Committee Members: Faraon, Andrei; Atwater, Harry Albert; Painter, Oskar J.; Vahala, Kerry J.

Option: Applied Physics

DOI: 10.7907/vj6e-wr82

Abstract

Optical microresonators trap light in compact volumes at discrete resonant frequencies. Benefiting from the ultra-low propagation loss, the electromagnetic wave intensity is greatly enhanced. Due to the pronounced light confinement, nonlinear optical effects are significantly magnified in the microresonators. In this thesis, I investigate various nonlinear optical phenomena using high quality factor silica wedge and fully-integrated thin film silicon nitride microresonators. The exploration begins with Kerr nonlinearity-induced soliton microcombs followed by their application in mid-IR band gas spectroscopy. The generation of solitons under normal dispersion conditions, which frustrate soliton formation, is then considered.
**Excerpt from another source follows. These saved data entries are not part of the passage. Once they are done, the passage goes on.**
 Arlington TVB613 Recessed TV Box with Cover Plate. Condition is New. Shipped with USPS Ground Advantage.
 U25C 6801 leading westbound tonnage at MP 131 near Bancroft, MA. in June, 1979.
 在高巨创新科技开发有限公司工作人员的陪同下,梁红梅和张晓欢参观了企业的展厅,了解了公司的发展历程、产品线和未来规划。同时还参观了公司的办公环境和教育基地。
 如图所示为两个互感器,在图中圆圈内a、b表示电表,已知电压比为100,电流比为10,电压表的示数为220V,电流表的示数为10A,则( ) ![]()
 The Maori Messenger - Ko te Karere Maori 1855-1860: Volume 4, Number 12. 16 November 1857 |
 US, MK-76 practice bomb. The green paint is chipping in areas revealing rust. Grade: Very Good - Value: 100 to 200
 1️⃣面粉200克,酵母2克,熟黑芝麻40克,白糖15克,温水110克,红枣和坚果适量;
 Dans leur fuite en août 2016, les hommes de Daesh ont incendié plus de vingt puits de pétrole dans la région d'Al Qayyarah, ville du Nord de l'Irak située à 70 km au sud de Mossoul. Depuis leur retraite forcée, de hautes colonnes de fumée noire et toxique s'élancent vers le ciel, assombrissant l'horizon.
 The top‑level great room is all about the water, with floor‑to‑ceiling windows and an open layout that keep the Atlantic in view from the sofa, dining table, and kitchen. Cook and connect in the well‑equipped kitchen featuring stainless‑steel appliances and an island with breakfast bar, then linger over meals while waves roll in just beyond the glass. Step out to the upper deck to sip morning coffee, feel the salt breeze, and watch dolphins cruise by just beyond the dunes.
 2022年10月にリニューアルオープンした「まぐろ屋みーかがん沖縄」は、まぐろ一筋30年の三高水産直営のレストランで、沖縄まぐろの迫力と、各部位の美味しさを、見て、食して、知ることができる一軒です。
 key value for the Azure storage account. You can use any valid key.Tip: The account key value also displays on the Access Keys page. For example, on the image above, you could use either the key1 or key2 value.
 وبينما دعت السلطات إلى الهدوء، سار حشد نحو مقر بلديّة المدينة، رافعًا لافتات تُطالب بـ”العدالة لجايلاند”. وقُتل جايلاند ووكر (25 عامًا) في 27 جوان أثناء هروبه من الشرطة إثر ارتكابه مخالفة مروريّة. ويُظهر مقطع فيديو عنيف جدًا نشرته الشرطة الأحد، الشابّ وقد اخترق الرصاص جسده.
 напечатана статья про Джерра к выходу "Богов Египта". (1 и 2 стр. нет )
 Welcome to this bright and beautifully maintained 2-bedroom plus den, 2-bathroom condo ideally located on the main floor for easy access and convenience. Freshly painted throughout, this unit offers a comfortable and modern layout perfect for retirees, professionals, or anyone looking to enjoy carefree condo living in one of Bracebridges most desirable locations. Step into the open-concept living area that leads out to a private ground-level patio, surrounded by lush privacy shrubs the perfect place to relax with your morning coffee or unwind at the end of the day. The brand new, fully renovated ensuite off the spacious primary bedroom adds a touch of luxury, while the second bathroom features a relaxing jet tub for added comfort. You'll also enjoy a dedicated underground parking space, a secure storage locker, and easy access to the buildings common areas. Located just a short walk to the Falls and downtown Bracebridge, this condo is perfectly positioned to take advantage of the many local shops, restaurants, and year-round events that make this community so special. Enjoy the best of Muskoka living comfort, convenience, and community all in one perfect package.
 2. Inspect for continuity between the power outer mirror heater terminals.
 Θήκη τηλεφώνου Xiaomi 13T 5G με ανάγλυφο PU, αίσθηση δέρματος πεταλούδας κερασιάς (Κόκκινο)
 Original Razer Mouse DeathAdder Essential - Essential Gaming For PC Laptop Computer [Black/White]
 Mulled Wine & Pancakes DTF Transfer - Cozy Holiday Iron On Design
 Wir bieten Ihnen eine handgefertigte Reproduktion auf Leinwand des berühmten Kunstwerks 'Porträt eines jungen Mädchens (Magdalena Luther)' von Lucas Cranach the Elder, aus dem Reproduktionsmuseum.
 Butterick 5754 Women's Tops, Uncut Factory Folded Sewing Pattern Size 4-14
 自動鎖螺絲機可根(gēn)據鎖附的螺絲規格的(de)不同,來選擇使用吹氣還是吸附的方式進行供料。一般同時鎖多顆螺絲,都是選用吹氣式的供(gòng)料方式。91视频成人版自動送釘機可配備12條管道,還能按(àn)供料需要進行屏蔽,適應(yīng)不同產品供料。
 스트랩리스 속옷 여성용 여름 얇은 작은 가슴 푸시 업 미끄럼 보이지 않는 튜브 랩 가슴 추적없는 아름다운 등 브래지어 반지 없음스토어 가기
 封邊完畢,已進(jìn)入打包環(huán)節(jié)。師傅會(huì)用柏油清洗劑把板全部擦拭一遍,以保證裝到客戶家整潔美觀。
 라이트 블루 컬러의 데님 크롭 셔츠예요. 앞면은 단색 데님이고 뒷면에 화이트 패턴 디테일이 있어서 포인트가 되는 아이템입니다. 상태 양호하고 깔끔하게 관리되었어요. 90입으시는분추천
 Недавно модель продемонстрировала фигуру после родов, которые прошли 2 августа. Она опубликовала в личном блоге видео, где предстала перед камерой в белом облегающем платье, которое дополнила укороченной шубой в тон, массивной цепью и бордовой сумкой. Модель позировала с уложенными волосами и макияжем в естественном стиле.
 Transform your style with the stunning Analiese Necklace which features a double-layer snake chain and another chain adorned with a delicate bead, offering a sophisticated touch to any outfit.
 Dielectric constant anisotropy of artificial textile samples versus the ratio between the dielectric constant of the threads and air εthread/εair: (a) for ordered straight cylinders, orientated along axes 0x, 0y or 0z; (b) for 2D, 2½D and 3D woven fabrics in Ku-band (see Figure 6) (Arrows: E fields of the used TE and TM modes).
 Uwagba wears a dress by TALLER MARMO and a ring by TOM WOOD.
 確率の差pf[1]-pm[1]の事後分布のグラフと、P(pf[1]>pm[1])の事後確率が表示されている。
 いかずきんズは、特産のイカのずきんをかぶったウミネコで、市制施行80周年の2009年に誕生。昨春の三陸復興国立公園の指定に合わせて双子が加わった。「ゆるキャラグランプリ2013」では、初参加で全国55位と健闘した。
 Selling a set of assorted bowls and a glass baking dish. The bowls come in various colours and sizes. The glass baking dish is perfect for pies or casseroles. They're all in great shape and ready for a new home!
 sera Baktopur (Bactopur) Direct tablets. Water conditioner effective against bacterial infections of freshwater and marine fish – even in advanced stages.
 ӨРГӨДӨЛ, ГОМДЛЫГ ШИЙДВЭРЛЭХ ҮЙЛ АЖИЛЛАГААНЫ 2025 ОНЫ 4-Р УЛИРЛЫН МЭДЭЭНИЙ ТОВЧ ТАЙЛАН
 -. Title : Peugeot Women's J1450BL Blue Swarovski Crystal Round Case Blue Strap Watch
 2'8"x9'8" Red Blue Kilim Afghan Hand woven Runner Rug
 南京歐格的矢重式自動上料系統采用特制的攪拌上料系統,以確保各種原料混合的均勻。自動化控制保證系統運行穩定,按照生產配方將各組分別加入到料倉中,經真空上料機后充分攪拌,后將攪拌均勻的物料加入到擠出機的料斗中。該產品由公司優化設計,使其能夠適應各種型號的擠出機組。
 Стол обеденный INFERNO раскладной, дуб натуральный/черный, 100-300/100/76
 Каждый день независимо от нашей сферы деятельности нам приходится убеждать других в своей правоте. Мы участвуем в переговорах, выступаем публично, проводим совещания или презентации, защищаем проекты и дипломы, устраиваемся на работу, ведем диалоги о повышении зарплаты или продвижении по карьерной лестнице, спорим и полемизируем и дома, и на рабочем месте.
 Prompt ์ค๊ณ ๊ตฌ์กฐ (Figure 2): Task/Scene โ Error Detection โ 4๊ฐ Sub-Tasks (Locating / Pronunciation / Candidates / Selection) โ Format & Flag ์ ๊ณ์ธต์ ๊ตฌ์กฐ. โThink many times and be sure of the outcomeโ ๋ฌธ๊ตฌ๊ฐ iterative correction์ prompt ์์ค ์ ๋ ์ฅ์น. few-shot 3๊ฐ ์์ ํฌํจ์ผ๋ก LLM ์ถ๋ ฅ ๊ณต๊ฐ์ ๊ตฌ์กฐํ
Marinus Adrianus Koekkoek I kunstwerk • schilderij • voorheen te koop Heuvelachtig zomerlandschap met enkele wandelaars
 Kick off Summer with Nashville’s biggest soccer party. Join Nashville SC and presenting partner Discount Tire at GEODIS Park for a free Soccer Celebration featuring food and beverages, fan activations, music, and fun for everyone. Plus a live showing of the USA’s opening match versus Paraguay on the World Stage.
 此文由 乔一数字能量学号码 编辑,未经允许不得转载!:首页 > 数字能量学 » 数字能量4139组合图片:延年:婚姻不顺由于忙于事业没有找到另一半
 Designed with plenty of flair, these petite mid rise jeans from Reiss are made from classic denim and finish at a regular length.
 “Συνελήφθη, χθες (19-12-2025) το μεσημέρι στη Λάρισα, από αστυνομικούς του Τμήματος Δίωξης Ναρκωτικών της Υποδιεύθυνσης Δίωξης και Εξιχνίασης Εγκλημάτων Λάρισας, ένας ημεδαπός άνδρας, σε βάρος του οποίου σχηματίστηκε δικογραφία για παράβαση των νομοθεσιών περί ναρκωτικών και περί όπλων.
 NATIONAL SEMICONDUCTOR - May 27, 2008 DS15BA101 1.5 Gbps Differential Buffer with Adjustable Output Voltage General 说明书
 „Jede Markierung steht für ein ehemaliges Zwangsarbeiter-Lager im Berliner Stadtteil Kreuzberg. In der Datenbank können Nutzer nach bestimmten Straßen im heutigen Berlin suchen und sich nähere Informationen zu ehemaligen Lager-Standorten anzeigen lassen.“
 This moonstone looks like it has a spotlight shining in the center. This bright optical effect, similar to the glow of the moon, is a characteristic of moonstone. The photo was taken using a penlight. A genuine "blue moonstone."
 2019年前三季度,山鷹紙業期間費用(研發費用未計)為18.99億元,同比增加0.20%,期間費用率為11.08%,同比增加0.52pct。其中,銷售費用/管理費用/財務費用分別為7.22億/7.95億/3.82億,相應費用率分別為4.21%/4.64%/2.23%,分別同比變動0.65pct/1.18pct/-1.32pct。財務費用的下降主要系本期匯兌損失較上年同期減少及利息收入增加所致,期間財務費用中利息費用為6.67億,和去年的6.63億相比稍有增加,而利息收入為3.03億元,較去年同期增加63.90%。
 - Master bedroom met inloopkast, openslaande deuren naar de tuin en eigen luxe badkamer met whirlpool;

Subsequently, attention is directed towards stimulated Brillouin lasers and their frequency noise performance, including long-term frequency stabilization based on the built-in temperature reference and validation of two modification factors affecting short-term fundamental linewidth. Along this journey, a novel method for calibrating ultra-narrow laser linewidths is introduced. Lastly, this method is employed to measure the narrow linewidth of a visible laser generated through second harmonic generation in silicon nitride resonators.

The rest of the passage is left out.